Why can't we appeal to responsible adults to be considerate?

And what happens if we don't arrest this dangerous headlong descent towards an Orwellian reality? First the nanny state infiltrates its slimy tentacles into public spaces. Next vending machines (which are accessible to all) are removed. People are then prohibited to smoke in their own cars.

What next?

The nanny state morphs into a "bully" state and legislates what we do in our own homes?

Hmm ... when presented in that light there is a distinct flavor of unwelcome control and invasion. Adults are no longer capable of making responsible decisions, so we will shepherd them towards something more in line with someone's vision of how society should be.

Pretty repugnant!

But let's look at the practical reality.

People are anything but considerate. At least a huge number of us. If we were all kind and sensitive to the needs of others I would be the tooth fairy and people would stop smoking in their cars with their babies in the back seat.
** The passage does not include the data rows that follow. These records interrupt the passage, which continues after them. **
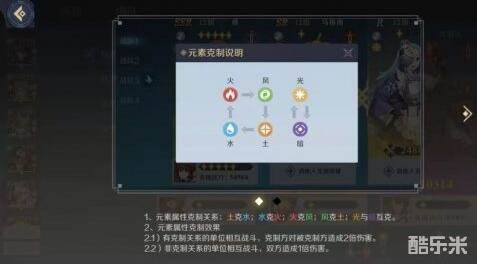 2、神角技巧中英雄的属性可不相同,他们分别是属于土、水、火、风、光、暗,这些属性有着相互克制关系,具体的克制关系,玩家可以看上面的图,展示的非常清楚,当玩家使用克制关系的时候会有加倍伤害的产生,小编推荐主站英雄选择品质更高、培养更多的英雄,支援英雄主要选择技能多的阵容给,玩家可以输出配控制,控制配治疗。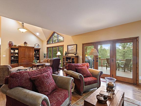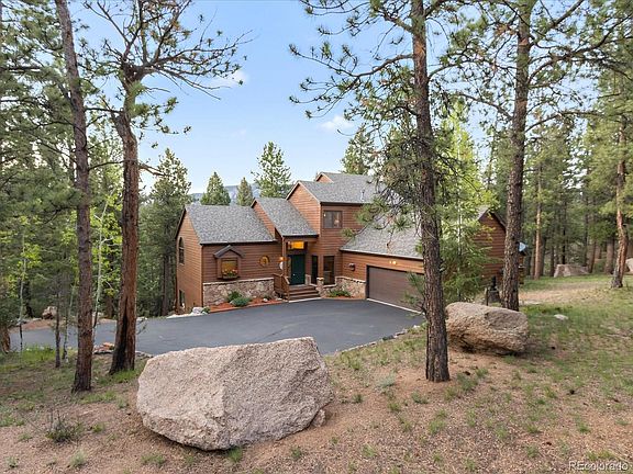 IMMACULATE REMODELED HOME INCLUDES THE POND. Enjoy the Plentiful Wildlife & Mountain views in on this stunning 3.3 acres with mature trees, rock outcroppings and small creek with a private pond. Totally updated the main level boosts Knotty Alder doors, molding and cabinetry, Granite, and custom 5âEUR plank hardwood floors, Gourmet kitchen including a large center island, gas cooktop, double convection oven, side by side refrigerator, drawer microwave, large walk in pantry, and large breakfast nook. Off the foyer, the sitting room could be another eating area, a great room with gas fireplace, vaulted ceilings, and access to partially covered Fiberon heated deck. Master retreat, includes plantation shutters, updated & upgraded bath with heated tile floors, walk in closet and double vanity and makeup counter. Upstairs includes full bath and 2 spacious bedrooms and loft library/office with handcrafted built in bookcases. The newly finished walk out basement features lots of windows & natural light, a second great room, 1 large bedroom, full bath, laundry room and ample storage. Woodside Park Subdivision has Horse/hiking trails throughout the park, and equestrian center located a just up Nova Road, offers a training round pin, pasture, stalls available to rent in the barn for $75/mo. Great way to have your horses close and separate from your property. Conveniently located less than 2 miles to Hwy. 285, and public transportation and RTD Park and Ride. Straight shot to Denver and less than an hour to Breckenridge Ski Slopes, If you want to own your own little piece of the Colorado stop looking. Rare opportunity to own this property that offers a year round creek, pond, and privacy. Yet, only minutes to shopping, dining, and schools. Close and move in as quick as you want. No Seller Contingencies or Post Occupancy. An Immaculate Home in an Exceptional Mountain Setting. This could well be the one you've been waiting for!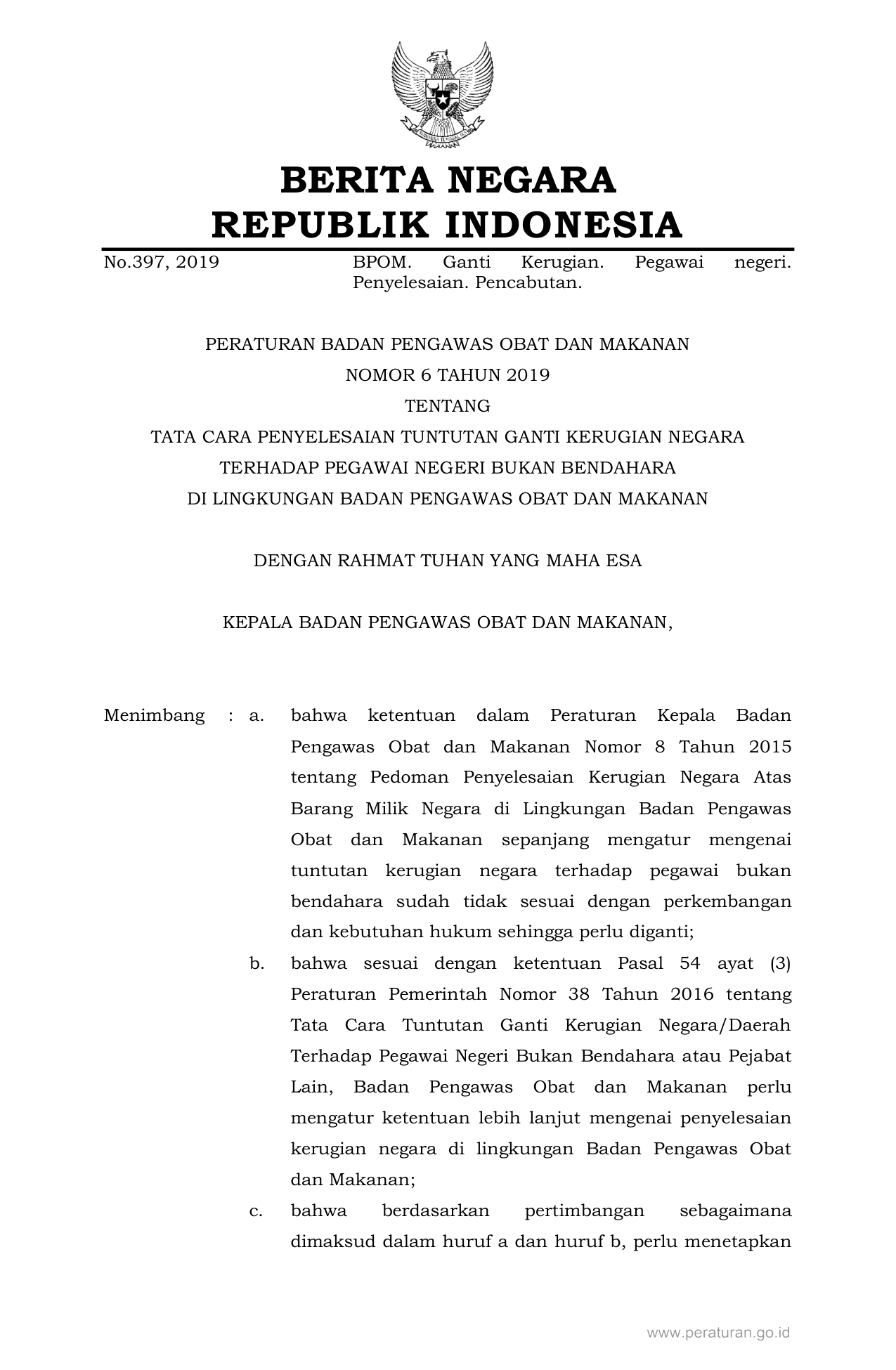 PERBAN Nomor 6 Tahun 2019 | Peraturan Badan Nomor 6 Tahun 2019 tentang TATA CARA PENYELESAIAN TUNTUTAN GANTI KERUGIAN NEGARA TERHADAP PEGAWAI NEGERI BUKAN BENDAHARA DI LINGKUNGAN BADAN PENGAWAS OBAT DAN MAKANAN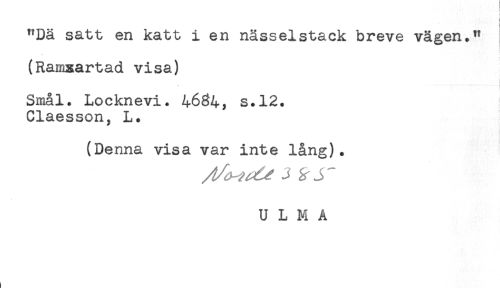 //// "Dä satt en katt i en nässelstack breve vägen." //// (Ramxartad visa) //// Smal. Locknevi. 4684, s.12. //// Claesson, L. //// (Denna visa var inte lång). //// U L M A ////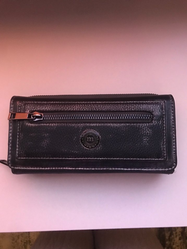 Siyah deri, fermuarlı cep ve biker tarzıyla sade kadın cüzdanı. Günlük kullanıma uygundur.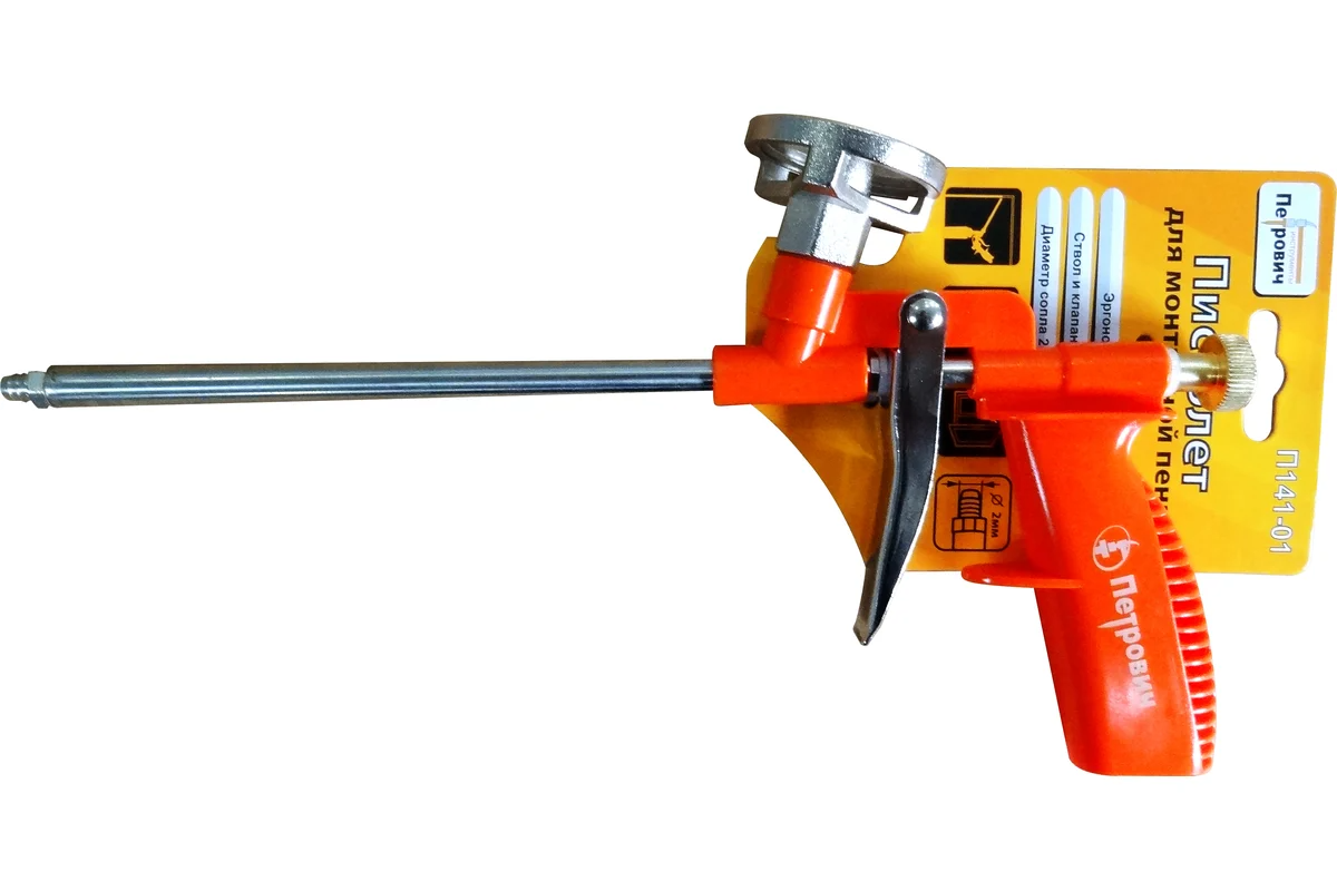 Пистолет для монтажной пены с пластмассовым корпусом Петрович П141-01 4100014458 применяется для нанесения монтажной пены при установке окон, дверей, различных элементов строительных конструкций. Длинный носик легко проникает в труднодоступные места.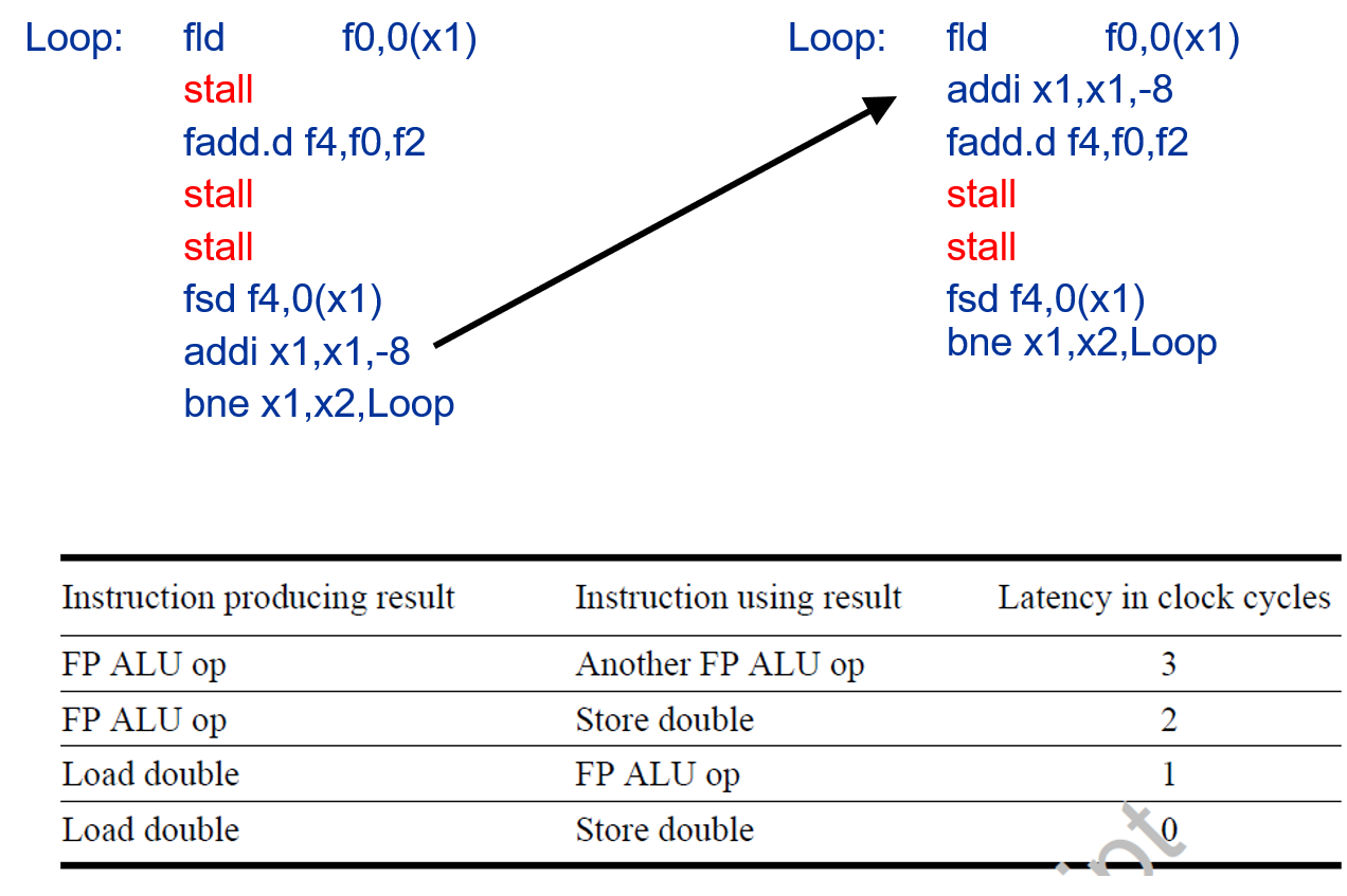 - Separate dependent instruction from the source instruction by the pipeline latency of the source instruction

In fact, if we really could be trusted, people would not need legislation to buckle up, or not park in the handicapped spot, or not pee in public.

"But I smoke with the windows down ..."

Yeah lady, that mentality is precisely why our civil liberties have been quietly neutered.

It's kinda like with children. Want to live in my house, you'll have to live by my rules. It's for your own protection.

And it is!

What moron in their right mind smokes with their kid in the car, windows up or down? It's so stupid and reckless, it's horsed things up for the rest of us!

Now we do have to be told what to do.

Because we were so busy selfishly defending our own rights that we lost all reasonable perspective.

And now we're being treated like children ... incapable of responsible distinction.

Thanks a lot!

And yes, it is the height of hypocrisy and inconsistency that Big Brother is attacking smokers when alcohol is still freely available and arguably far more offensive because of the element of violence.

But because we have a track record of irresponsible consumption, no doubt that will be on the agenda at some point in the future.

Which brings me full circle ... people know, but they just don't care. On a planet built for less than 2 or 3 billion (I'm being hugely generous here, but stay with me), there are now way too many bats in the belfry.

And this makes us control freaks nervous.

To be honest, I'm not sure what the answer is. I find so many elements on both sides strange, even offensive.

I have learnt from my foray into "health" that people value their right to harm themselves even if they do have at least some appreciation of the consequences. Rubbing their noses in the facts only gets peoples' backs up.

So does acting like you are somehow "better".

So does acting "holier than thou". In fact, unsolicited selling is just plain obnoxious in anybody's book. That's human nature ... and it ain't going to change.

Stay out of peoples' private business, why don't you? Sure, if it only affects you chum!

I've also learnt that people adjust quickly.

Seat belt laws may have been an irritant when they were first introduced. But over time even naturally rebellious people have come to appreciate the importance of buckling up.

But we still get really peeved if we get caught without a seat belt, even if we are maleable.

So that fine line is moveable and adults don't like feeling stupid, or having their knuckles rapped ... or getting a fine that's just a little more painful than a mosquito.

Come to think of it, nor do kids.

And maybe that's were the problem all started? Why do we insist on treating kids like their opinions don't matter? Because we know better ...?

Do we?

Most of all though, I have come to realize that society is never more disharmonious than when we start pointing out differences between people.

Is Finland right?

You tell me. You've heard what I think.